The number of usability problems uncovered during the evaluation phase differed among groups (F (2, 14) = 5.636, p = .016). As indicated by Fisher's Protected LSDs, participants in the Criteria group uncovered statistically more problems than participants in the Control (p = .0101) and ISO (p = .0144) groups. These two latter groups did not differ from one another (p = .9665). On the average, participants in the Criteria group uncovered 86.2 usability problems (SD = 12.7) while 61.8 (SD = 15.8) et 62.2 (SD = 13.8) problems were uncovered in the Control and ISO groups respectively.
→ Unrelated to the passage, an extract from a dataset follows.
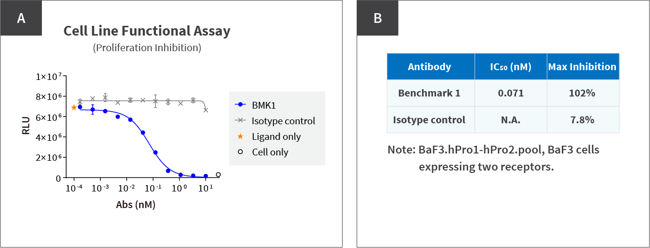 Figure 1: (A) BMK1 antibody significantly inhibited IL-31-dependent proliferation of BaF3 cells expressing two receptors. (B) BMK1 antibody demonstrated an IC50 of 0.071 nM and a maximum inhibition of 102%, whereas the isotype control showed minimal inhibition.

Figure 1 illustrates the proportion of problems uncovered as a function of the size of aggregates, and the proportion of problems common to the evaluations of the aggregates ("com" curves) for the three groups. The aggregates are formed by putting together problems uncovered by different number of participants. On the average, participants found 25.1% (min = 19.1; max = 33.7) and 25.3% (min = 19.9; max = 34.1) of the total number (246) of usability problems in the Control and ISO group respectively. In the Criteria group, the percentage reached 35.0% (min = 27.2; max = 40.7). The percentage of problems uncovered as a function of the size of the aggregate is similar for both the Control and the ISO groups. In the Criteria group however, the percentage of problems uncovered is higher than the percentage of the two other groups. For example, to uncover about 60% of the usability problems contained in the application one needs 5 evaluators in the ISO and the Control group and only 3 evaluators in the Criteria group. The aggregation of 5 evaluations permits to uncover 60.0% and 60.6% of the problems in the Control and ISO groups and 76.9% in the Criteria group. The proportion of common problems were quite similar for both the Control and the ISO group as a function of the number of evaluations in the aggregate. Although the tendency was the same for the Criteria group, the proportions tended to be slightly higher.

DISCUSSION

These preliminary results indicate that the use of EC leads to better evaluation performances than with the use of the DP or with no guidance. Actually, the performances are similar when evaluators use the DP or rely on their own (non-expert) knowledge (even though the ISO group took twice the evaluation time compared to the Control group). Even though these results on the EC are encouraging, much work remains to be done in order to provide better guidance and consequently to increase the performance of this type of inspection method, for instance by improving the systematic examination of the interface, by itemizing in greater detail each one of the dimensions, and by providing software tools to support the diagnosis. Then only will it be appropriate to consider such dimensions as potential measurements.

REFERENCES

Bastien, J. M. C., & Scapin, D. L. (1992). A validation of ergonomic criteria for the evaluation of human-computer interfaces. International Journal of Human-Computer Interaction, 4, 183-196.
Bastien, J. M. C., & Scapin, D. L. (1993). Ergonomic criteria for the evaluation of human-computer interfaces (Report No. 156). Rocquencourt, France: Institut National de Recherche en Informatique et en Automatique.
Bastien, J. M. C., & Scapin, D. L. (1995). Evaluating a user interface with ergonomic criteria. International Journal of Human-Computer Interaction, 7, 105-121.
International Standards Organisation (1994). ISO 9241. Ergonomic requirements for office work with visual display terminals - Part 10 Dialogue Principles; Draft International Standard.
Scapin, D. L. (1990). Organizing human factors knowledge for the evaluation and design of interfaces. International Journal of Human-Computer Interaction, 2, 203-229.